Let us look at different approaches to solve this problem.

Approach 1 (Recursive Approach)

The Key steps to implement in this approach are:

  • We have two pointers: Left Pointer: Contains start index of string, Right Pointer: Contains last index end of string. We first check if the given string is of length 1 i.e. if value of left and right are same we return 1 as a single character string is palindrome.
  • Now, If the first character and the last character of the string matches, we add two to our result and recursively call for left+1 and right-1 index of the string.
  • If the characters at left and right index do not match then we search for a palindromic string between indexes (left+1, right) and (left, right-1) of the string, we consider the length obtained from the maximum of the two for each recursive call and keep on adding them to the result until we reach the base case.
Input : DABCFCBAG
Output : 7           // Here ABCFCBA IS Longest Palindromic Subsequence

Let us look at the code in Java:

class LongestPalindrome 
{ 
    // Returns the length of the Longest palindromic subsequence 
  
    static int longestPalindromeRecursive(String str, int left, int right) 
    { 
        // Boundary Check.
        if (left > right) { 
            return 0; 
        } 
        
        //If there is only 1 character or left = right.
        if(left == right)
        return 1;
  
        // If the characters at left and right index do match.  
        if (str.charAt(left) == str.charAt(right) ) 
        { 
            return 2 + longestPalindromeRecursive(str,left+1,right-1); 
        } 
  
  
        // If the first and last characters do not match  
        return Math.max(longestPalindromeRecursive(str, left, right - 1), longestPalindromeRecursive(str, left + 1, right)); 
    } 
  
    public static void main(String[] args) { 
        String str = "CBAFAB"; 
        int n = str.length(); 
        int result= longestPalindromeRecursive(str, 0, n - 1);
        System.out.print("The Length of the Longest Palindrome is: "+result); 
  
    } 
}

Output:

The Length of the Longest Palindrome is: 5

Time Complexity: We break each problem into 2 more sub problems in every recursive call. The time complexity is exponential in this case resulting O(2) complexity.

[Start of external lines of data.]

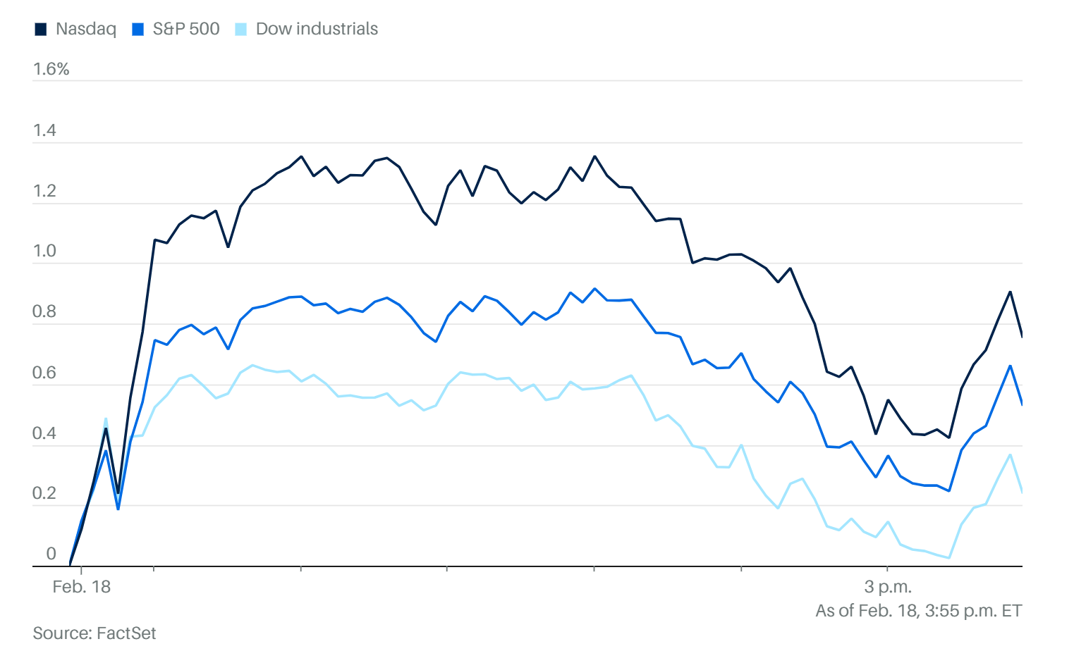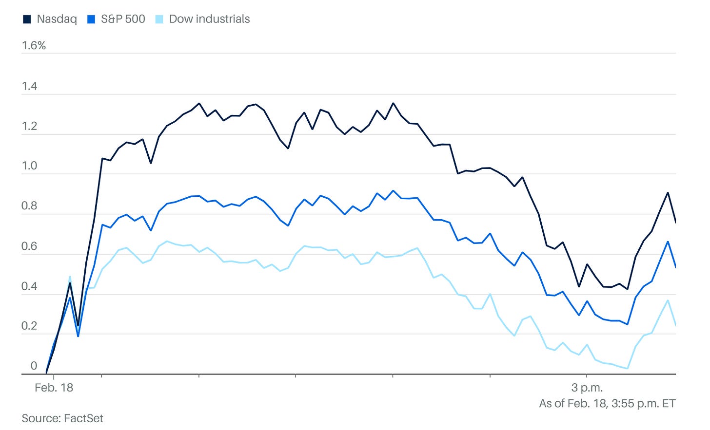 今日(2/18)市場的走勢在 Fed 紀要公佈後發生了質變,儘管三大指數最終維持紅盤,但最後 5 分鐘的跳水已為明日(2/19)的盤面埋下了極大的變數 。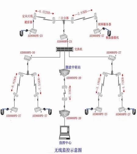 圖像采集處理部分包括模擬攝像機(jī)、全方位云臺(tái)、網(wǎng)絡(luò)視頻服務(wù)器等;信號(hào)傳輸部分包括兼容802.11a標(biāo)準(zhǔn)的電信級(jí)無(wú)線網(wǎng)橋AX9800系列產(chǎn)品、高增益天線、避雷器、高頻饋線。分控中心無(wú)線基站也選用艾克賽爾兼容802.11a標(biāo)準(zhǔn)的電信級(jí)無(wú)線網(wǎng)橋AX9820PE系列產(chǎn)品,配合高增益定向天線或扇區(qū)天線,匯聚接收其覆蓋范圍內(nèi)的各監(jiān)控點(diǎn)圖像;分控中心通過(guò)光纖與監(jiān)控總部網(wǎng)絡(luò)相連。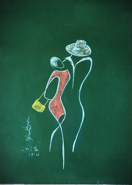记者看到,朱中海的粉笔速写系列还有《黑板上的律动》《点线面的美》等,都是将课堂上的即兴画作拍摄下来,二次创作做成PPT,完善课件,此外,他还有捕捉校园生活创作的《社团风采》,主角都是学生。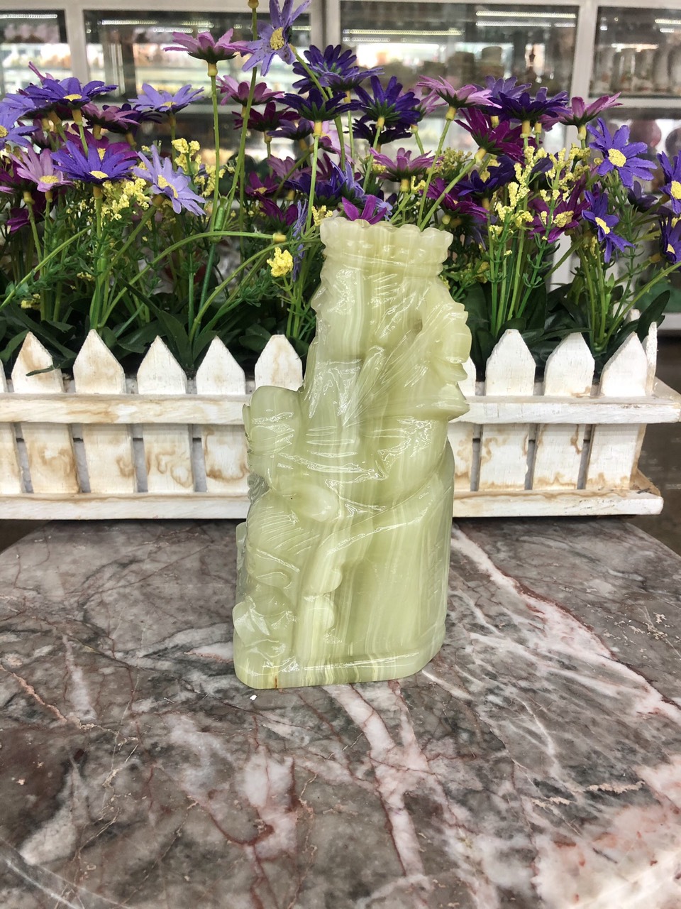 Chất liệu: Đá ngọc Onyx Kích thước: Dài 14 cm x Rộng 11 cm x Cao 20 cm Khối lượng: 4,6 kg - Thần Tài là vị thần trông coi tiền tài, vàng bạc, mang

Approach 2 (Dynamic Programming)

We apply Dynamic Programming on Overlapping Subproblems. If there are problems which are computed again and again we can apply dynamic programming by storing results of previously occurred subproblems. This is the first property, the other one is Optimal Substructure, the problems whose final solution can be achieved by results of their subproblems. We see, both properties are evident in the recursive solution discussed above. So we apply Dynamic Programming. There are two approaches to discuss :

Top to Bottom Approach

In this approach we basically store the result of recursive solutions of each subproblem in a 2D Array for overlapping subproblems, to avoid repeated computations.

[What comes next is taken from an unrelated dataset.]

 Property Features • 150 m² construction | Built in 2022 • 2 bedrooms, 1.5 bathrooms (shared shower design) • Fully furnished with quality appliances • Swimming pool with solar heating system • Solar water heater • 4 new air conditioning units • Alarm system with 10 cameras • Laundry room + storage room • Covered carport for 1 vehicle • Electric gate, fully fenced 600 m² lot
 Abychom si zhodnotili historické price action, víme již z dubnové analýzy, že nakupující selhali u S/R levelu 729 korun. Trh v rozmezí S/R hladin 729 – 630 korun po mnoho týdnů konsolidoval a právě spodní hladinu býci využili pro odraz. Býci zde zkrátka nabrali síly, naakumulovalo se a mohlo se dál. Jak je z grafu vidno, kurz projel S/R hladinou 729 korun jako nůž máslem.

Let us look at the implementation of this approach in Java:

class LongestPalindrome 
{ 
    // Returns the length of the Longest palindromic subsequence 
  
    public static int longestPalindromeTop_To_Bottom(String str, int left, int right, Integer[][] arr) 
    {
    //Boundary check
    if(left > right)
      return 0;
    
    if(left == right) {
      return 1;
    }
    
    if(arr[left][right] == null) 
    {
      if(str.charAt(left) == str.charAt(right)) 
      {
        arr[left][right] = 2 + longestPalindromeTop_To_Bottom(str, left + 1, right - 1, arr);
      } 
      else 
      {
        arr[left][right] = Math.max(longestPalindromeTop_To_Bottom(str, left + 1, right, arr), longestPalindromeTop_To_Bottom(str, left, right - 1, arr));  
      }  
    }

    return arr[left][right];
  }
  
    public static void main(String[] args) 
    { 
        String str = "CABEEBAF"; 
        int n = str.length(); 
        
        Integer arr[][]=new Integer[n][n];
        int result= longestPalindromeTop_To_Bottom(str, 0, n - 1, arr);
        
        System.out.print("The Length of the Longest Palindrome is: "+result); 
  
    } 
}

Output:

The Length of the Longest Palindrome is: 6

Explanation: We use a 2D array to store the results obtained for each recursive call. We use Wrapper Class Integer array not primitive type because primitive type integer array initializes elements to zero. So to avoid confusion with our result which for some cases might give 0 we use it and Integer type array are initialized to null. So we check for the string with index left and right if the solution is not present in our array we recursively compute it (Like Previous Solution) and store it in our array. If the result is already computed we just return the result at index left and right. In such a case, there is no need of computing the same problem.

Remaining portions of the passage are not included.